Anastassiades P C, Quinones M A, Gaasch W H, Adyanthaya A V, Waggoner A D, Alexander J K

出版信息

Am Heart J. 1976 Feb;91(2):228-32. doi: 10.1016/s0002-8703(76)80578-9.

Abstract

The temporal relationship between the closure of the aortic valve (AoV) and the onset of the aortic component of the second heart sound (A2) was defined by simultaneous recording of AoV echogram, phonocardiogram (PCG), and electrocardiogram in 25 subjects. Ten subjects had no heart disease (normal); 15 suffered from various cardiac conditions other than AoV disease (patients).
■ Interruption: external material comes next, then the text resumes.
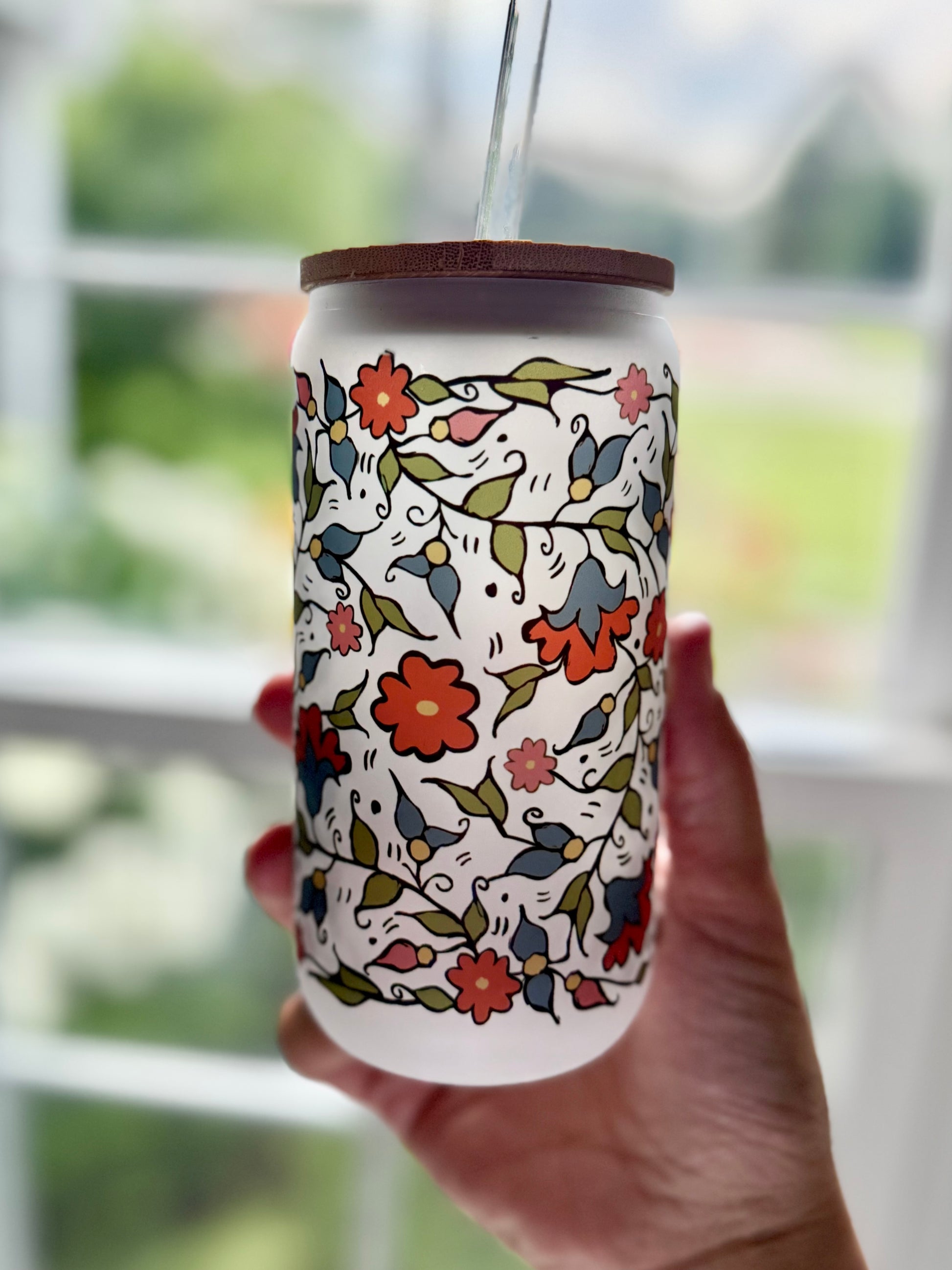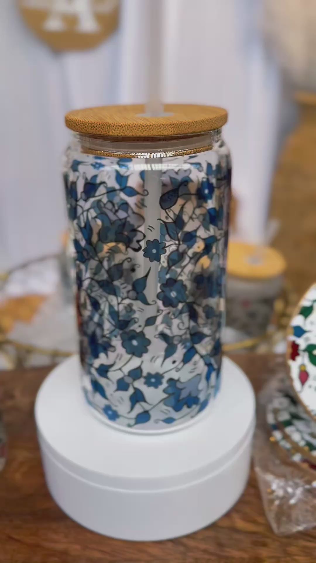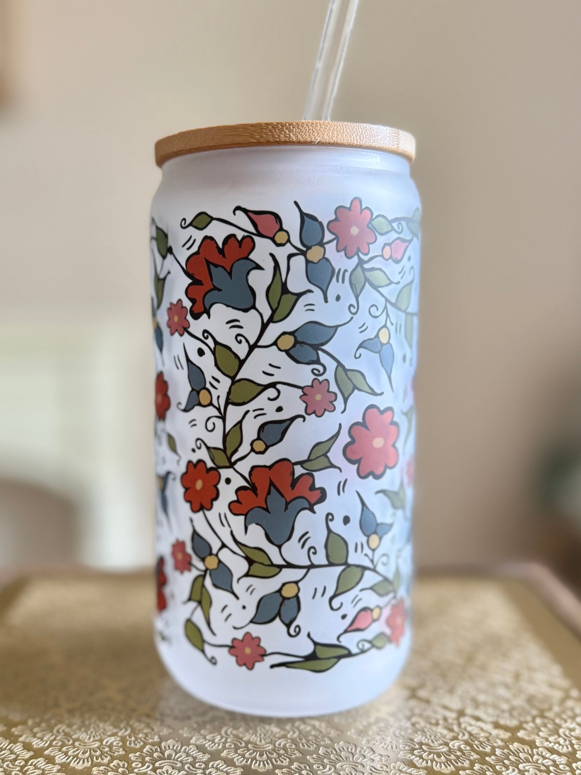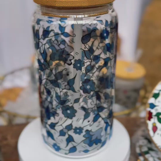 Khalili Hebron Palestinian Glass Mug Cup Tumbler Can Floral Blue Color Design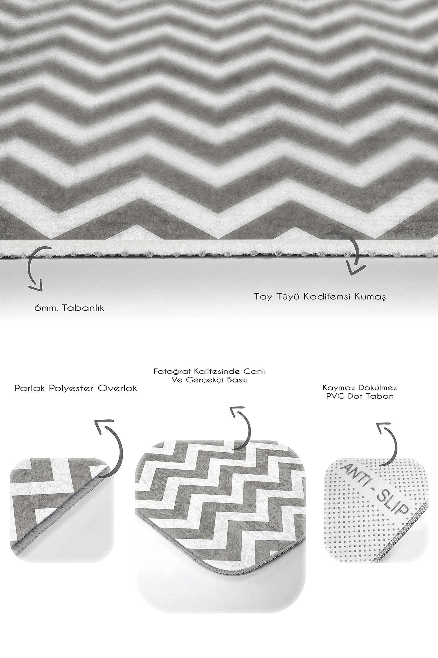 Gri Beyaz Zigzag Tasarımlı 2’li Kaymaz Tabanlı Banyo & Mutfak Paspas Takımı

The point of coaptation (C) of the AoV cusps to the onset of A2, the C-A2 interval, was measured to the nearest 5 msec. in 125 cycles. Fifty-eight cycles had a C-A2 of 10 msec., and 47 cycles had a C-A2 of 15 msec. The remainder were distributed at intervals below 10 or above 15 msec. The average C-A2 interval was 11.48 +/- 0.38 msec. (mean +/- 1 S.D.). A similar distribution pattern was observed when the total number of cycles was divided into "normal" and "patient" groups. In 3 subjects, simultaneous equisensitive (catheter-tip micromanometer) left ventricular and central aortic pressures, PCG, and AoV echograms were recorded. C-A2 ranged from 0 to 10 msec.; the interval between left ventricular and aortic pressure at the level of the incisura-hangout interval-ranged from 8 to 20 msec. Inhalation of amyl nitrite in one subject produced a significant fall in arterial pressure, accompanied by prolongation of the hangout interval from 10 to 20 msec. and of the C-A2 interval from 0 to 8 msec. Thus, the C-A2 interval is an integral part of the hangout time. Data suggest that A2 does not originate from the coaptation of the aortic valve cusps per se, but is related to events that occur at the time of or slightly after coaptation.

摘要

通过同步记录25名受试者的主动脉瓣(AoV)超声心动图、心音图(PCG)和心电图,确定了主动脉瓣关闭与第二心音主动脉成分(A2)起始之间的时间关系。10名受试者无心脏病(正常);15名患有除AoV疾病外的各种心脏疾病(患者)。在125个心动周期中,测量主动脉瓣叶贴合点(C)至A2起始的时间,即C - A2间期,精确到最接近的5毫秒。58个心动周期的C - A2为10毫秒,47个心动周期的C - A2为15毫秒。其余的分布在低于10毫秒或高于15毫秒的间期。平均C - A2间期为11.48±0.38毫秒(均值±1标准差)。当将心动周期总数分为“正常”和“患者”组时,观察到类似的分布模式。在3名受试者中,同时记录了等敏感(导管尖端微压计)左心室和中心主动脉压力、PCG和AoV超声心动图。C - A2范围为0至10毫秒;切迹 - 延长间期水平的左心室和主动脉压力之间的间期范围为8至20毫秒。一名受试者吸入亚硝酸异戊酯导致动脉压显著下降,同时延长间期从10毫秒延长至20毫秒,C - A2间期从0毫秒延长至8毫秒。因此,C - A2间期是延长时间的一个组成部分。数据表明,A2并非源于主动脉瓣叶本身的贴合,而是与贴合时或贴合后不久发生的事件有关。